Уговорами беду отводят. Меня он смутно вспоминал с прошлого дежурства и приветливо улыбался, воспринимая порой, за врача.
Поздоровался.
Я протирал пол. Конец смены. Для динамики и настроения, музыка из МР3-колонки. И в этом вот джазе, стоит Витя. Раскачивается в такт ритма и движений мокрых косичек мопса. Исподлобья напряжённый взгляд. Ожидает беды. Панические атаки накрывают бедолагу пару раз в день. Веду влажной кистью по полу, развожу влагу и чистоту. Музыка ещё эта.
— Витя, а какой год сейчас? – спросил ни то, что в шутку или забавы ради. Но отчего-то стал интересен ответ. Реальность у Вити своя, значит и время другое?
Мужик испуганно вжал плечи.
— Пятьдесят шестой? – ответ робкий, скорее для проверки догадки своей. Вцепился в эмпатию, как рыбак крючком сечёт серебристое брюхо и разматывает спиннинг.
Что такое? От неуверенных слов его и взгляда, накрыло в жар и сразу в холод. Остановилось на мгновение всё. Где-то на полу застыли капли. Исчезли звуки, музыка иссякла вдруг. Швабра застряла на взмахе. Перехватил дыхание комком дзена. И поменялось что-то вокруг. Мир стал чуточку светлей. Магнитная волна накатила резким валом. За окном иной градиент. И вокруг… Стены крашены иначе. Только лица всё те-же. Я отлип усилием от гипноза. Перевёл взгляд. За стеклом и правда, другой город! Лиговский проспект узнаешь в любую эпоху. Там движение, светофоры, люди в плащах и с зонтами. Идёт дождь, и нет зимы. И ни облачка на небе. У меня косятся ноги…

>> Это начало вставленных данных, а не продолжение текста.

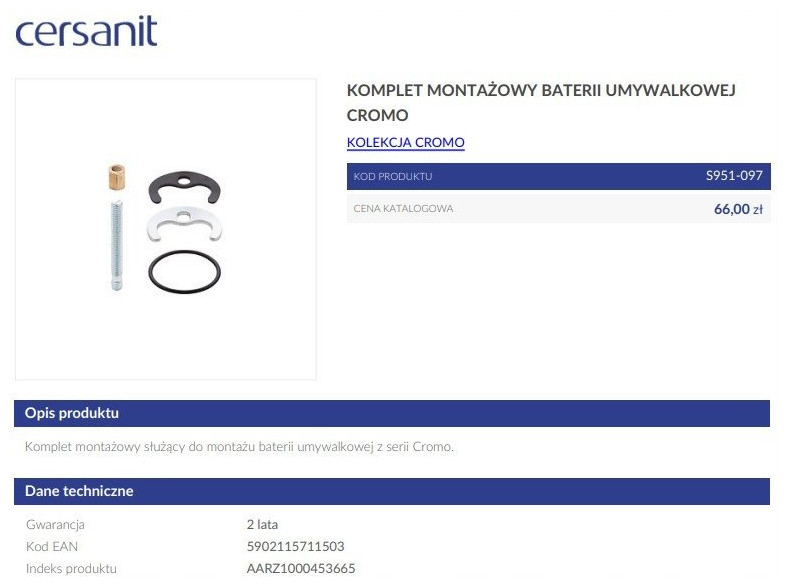 Cersanit KOMPLET MONTAŻOWY BATERII UMYWALKOWEJ CROMO (S951-097)

Выскальзывает из рук швабра. Пальцы на подоконник. «Москвичи», «Победы», старые «Волги». Шашечки на такси. Иная музыка. Радиоточка на стене, транслятор проводной, «Утренняя зорька». Кружится голова, еле держусь, попав в родной город, но чужое время.

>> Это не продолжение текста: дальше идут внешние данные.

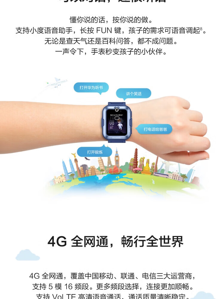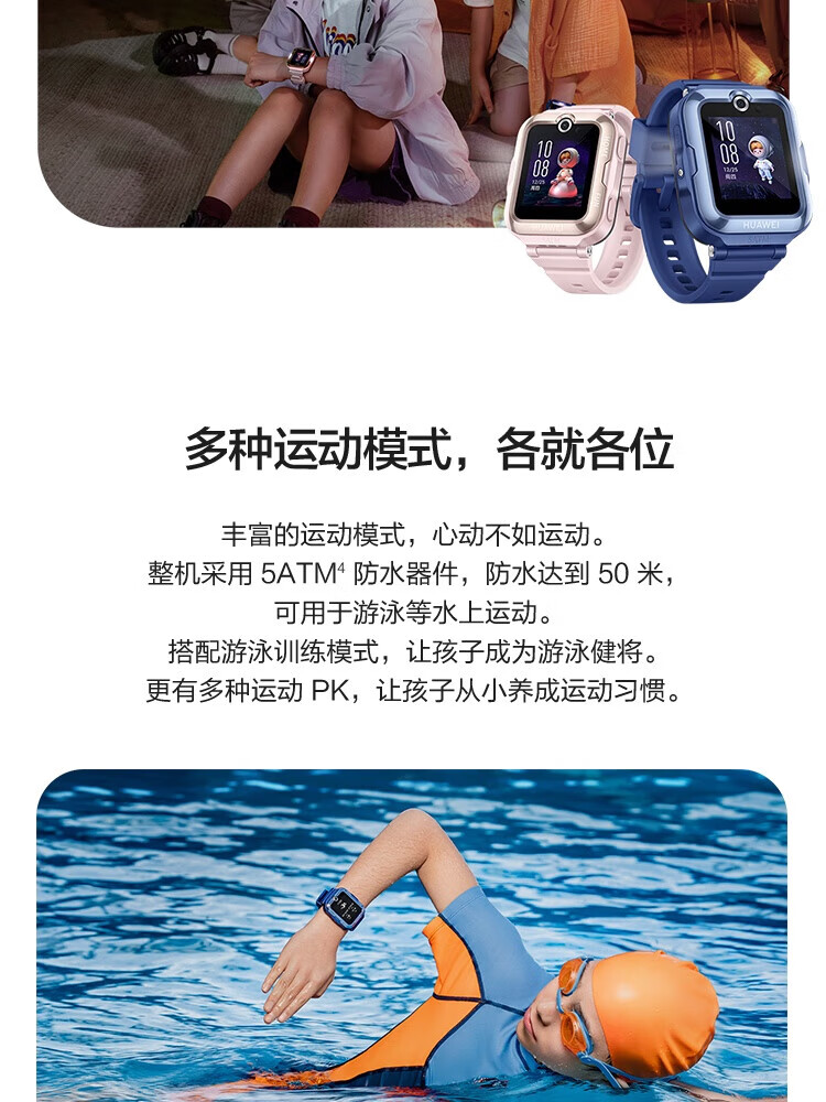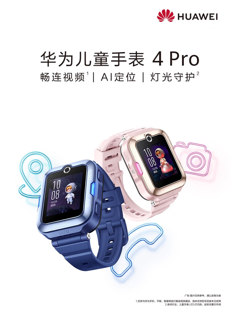 华为(HUAWEI)儿童手表 4Pro 粉色 电话手表 畅连视频通话九重AI定位LED灯光守护支持儿童微信男女童

— Это как? – еле смог выдавить комок вопроса.
— Пятьдесят шестой, как? – уточнил Витя, втянувший в грань своей реальности.
Палка достигла пола, щёлкнул о дощатый пол стафф. Линолеум наносной, куда-то пропал вовсе. И швабра теперь старая, конструкция сложная и совсем ни та. Тряпка – серая мешковина. Ни за что не отмоешь до бела.
Нашёл силы, делаю шаг. Медленный, тягучий, неуклюжий. Плывёт мир вокруг. По коридору другие люди. Знакомых нет. Ключ на связке старый. Уверенно входит в натёртую полость. Лестница, потом, гардероб, выход. Никто не обращает на меня взгляд.
Лиговка!
Пятьдесят шестой!
Или, что тут за год и в правду?
Собираю лёгкими дождевую влагу. Попал в минувшее. Что за морок такой?
Остановка почти рядом. Схлопнул двери, брыкнул отработанным октаном ПАЗик- 652. Видел я такой в виртуальном музее. Мимо два милиционера в тёмно-синей форме.
— Гражданин, вам плохо?
— А? Нет, спасибо. Мне, хорошо. – Шагнул, отступил назад к подъезду, к дому что похож на психушку. Нырнул обратно.
В обратном порядке: гардероб, лестница, коридор этот старый. Краска со стен шелушиться, отпадает штукатуркой довоенной. Ключ, замок, отделение.
Много света. Современные лампы. По коридору гуляют без цели.
— Ты куда выбегал зачем? – встретила взглядом напарница, Таня.
— Так телефон в раздевалке забыл, — выдавил сухим комком фразу.
В палате, в дверях всё так-же тесниться, вжимаясь в косяк Витя. По центру ведро и капитулированный моп на полу.
— Там, пятьдесят шестой? — Уточнил он.
— Пятьдесят шестой. А ты, Витя, Ленинградский, что ли?
— Выборгская сторона! – Оживился. Просиял, ткнул себе с гордостью мощным кулаком в грудь.
Сумасшествие, это неспособность передать другим собственную картинку мира.
Лиговский проспект 44. Ленинградский областной психоневрологический диспансер: «Внимание! Будьте осторожны! Возможно обрушение элементов фасада здания и штукатурного слоя».